第54話

「なあ、秀介」

「なっ、何だよ」


 どうやら僕がただならぬ様子であることは、秀介も察したらしい。思わず、といった感じで僕から一歩、遠ざかる。


「その、お前に伝えておかなければならないことがあるんだ」

「酒は控えろってか?」


 秀介は一転、おどけたように肩を竦め、苦笑いを見せた。


「いや、真面目に聞いてくれ。その、実は……」


 くそっ、決心がつかない。どうしたらいい? お前の意中の人の命は遠からず失われてしまうなどと、堂々と弟に告げられる兄がいようか?

 ちょうどその時だった。


「おはようございます、諸橋二曹!」

「おう、おはよう」


 秀介は何げなく、声をかけてきた兵士に返礼した。


「小会議室で隊長がお呼びです。ご同道を」

「了解」


 秀介はその兵士に頷いて見せ、返礼する。


「ま、そういうわけだから、じゃあな、兄貴!」


 と鷹揚に手を振って、彼は来た道を戻っていった。


 結局、伝えられなかったな……。僕は腰に手を当て、かぶりを振って、これからどうしようか考えた。

 やっぱり、看護室には行っておこう。秀介は元気になったからいいとしても、他の兵士たちの見舞いに行くのは、やはり礼儀だろう。僕を守ってくれたのだから。

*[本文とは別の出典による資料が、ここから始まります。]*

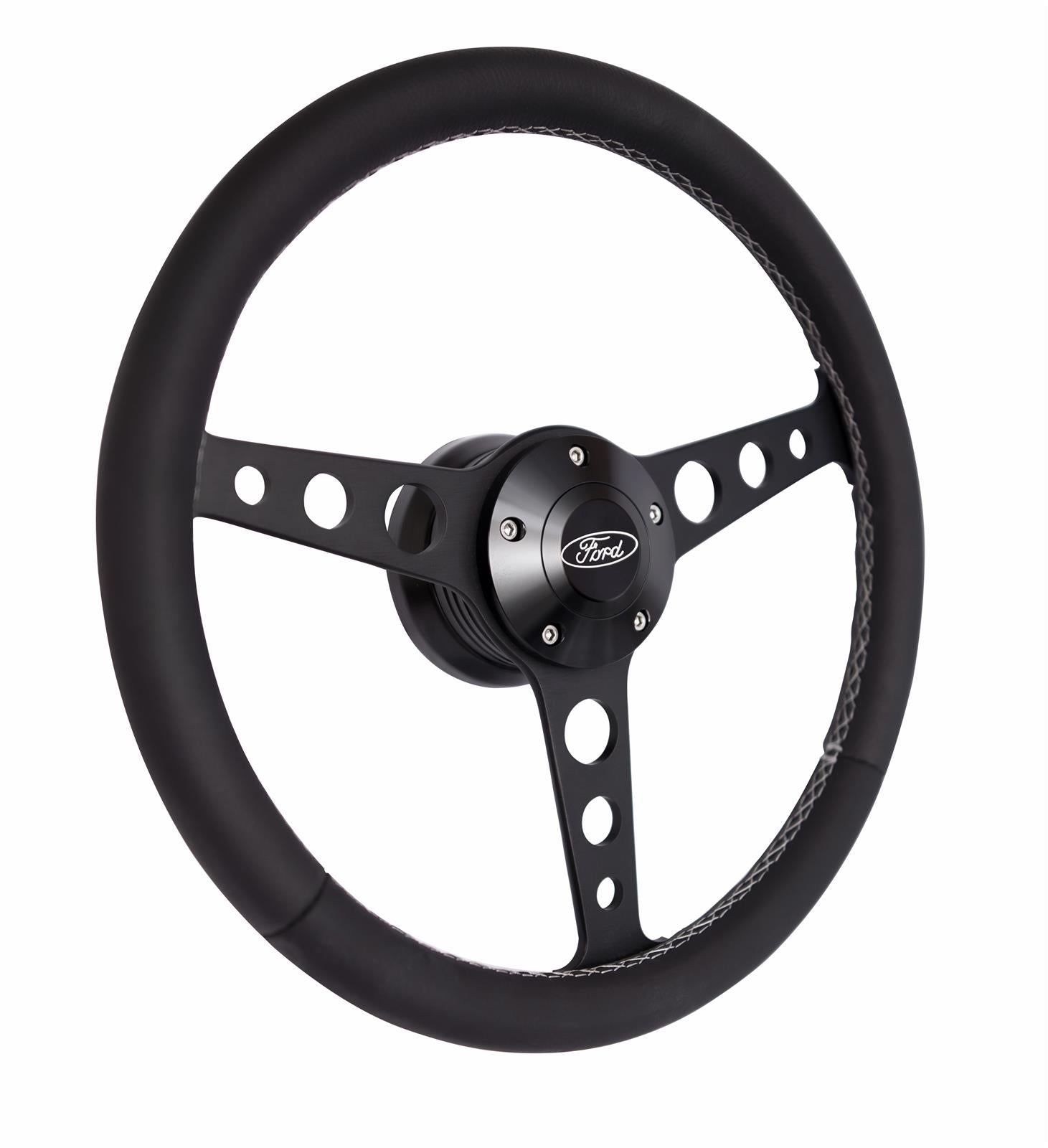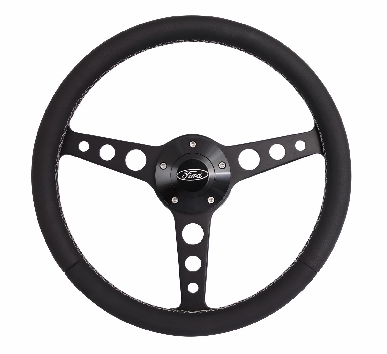 Steering Wheel, Billet Classic Series, Billet Aluminum, Black, Leather/Black, 3-Spoke, 14 in. Diameter, 5-Bolt mount, Ford Logo Horn Button, Each

 そう思いながら、僕は廊下を進み、看護室の入り口に到着した。

 しかし、


「そっち、部品外して」

「はい」

「ここのスライド、壊れてるから」


 看護師たちの声がする。おかしい。看護室のドアが壊れているとは聞いていない。思い出したのは、秀介に盗み聞きされた時のドクターの研究室のドアだ。建てつけが悪くなっているのだろうか。


「おはようございます」


 僕は心持ち声を低めながら、看護室を覗き込んだ。


「ああ、諸橋博士。おはようございます」


 応じたのは、一番年嵩の医師だった。スライドドアと格闘している。いや、これはドアと呼べるのか? 完全にスライド部分のレールから外れているではないか。

 そっと中を覗き込むと、大変な有様だった。


 薬品棚のガラスが割れ、医療用の薬品が飛び散っている。

 誰もいないベッドの脚部がねじ曲がり、カーテンが引き裂かれている。

 防弾壁をコーティングしている塗料部分にひびが入り、歪な円形に崩れている。

 よくある言い回しだが、それこそ台風が通り過ぎていったかのようだった。


「な、何があったんですか?」

「いやあ、私らにも何がなんだか……。昨日の夜中に、諸橋二曹が突然暴れだしましてね」

「秀介が?」

「ええ。そりゃあもう大変な騒ぎになりましたわ。なんとか若いのが数人がかりで二曹をベッドに押さえつけて、鎮静剤を打ったんですがね。それで何とか二曹はおとなしくなって、朝になったらさっぱりした顔で『おはようございます』なんて。一応、これ以上暴れだす兆候もなかったですし、ここで暴れられても困るんで、さっき現職復帰許可を出したんですが」


 昨日の夜中に、秀介が暴れだしてこんなことになった? まさか。


「彼が暴れだす前に、誰かがを訪ねてきませんでしたか?」

「ああ、それだったら、平田博士が来とりましたよ。随分と神妙な顔で、諸橋二曹に話があるとかで」

「……」

「諸橋博士?」

「え? ああ、分かりました。ありがとうございます」


 医師が続けて何か述べようとしたが、僕はそれを無視して廊下を駆けだしていた。平田吾郎博士――ドクターのもとへ。


 僕は拳を叩きつけるようにして、ドクターの研究室のスライドドア開閉ボタンを押した。昨日、リナと三人で話し合った部屋だ。するり、とドアが開く。


「ドクター!!」

「ああ、そのデータはこっちのファイルに移しといてくれ。おお、どうしたんだ、恵介くん?」

「あんたって人は!!」


 僕はずかずかと部屋に踏み入り、その勢いのままドクターの胸倉を掴んで柱に背中を叩きつけた。ドクターの眼鏡がカタン、と床に落ちる。


「ちょ、ちょっと諸橋博士!!」


 たまたま居合わせた研究員が止めに入るが、僕は彼女を睨みつけ、静かな怒りを込めて言った。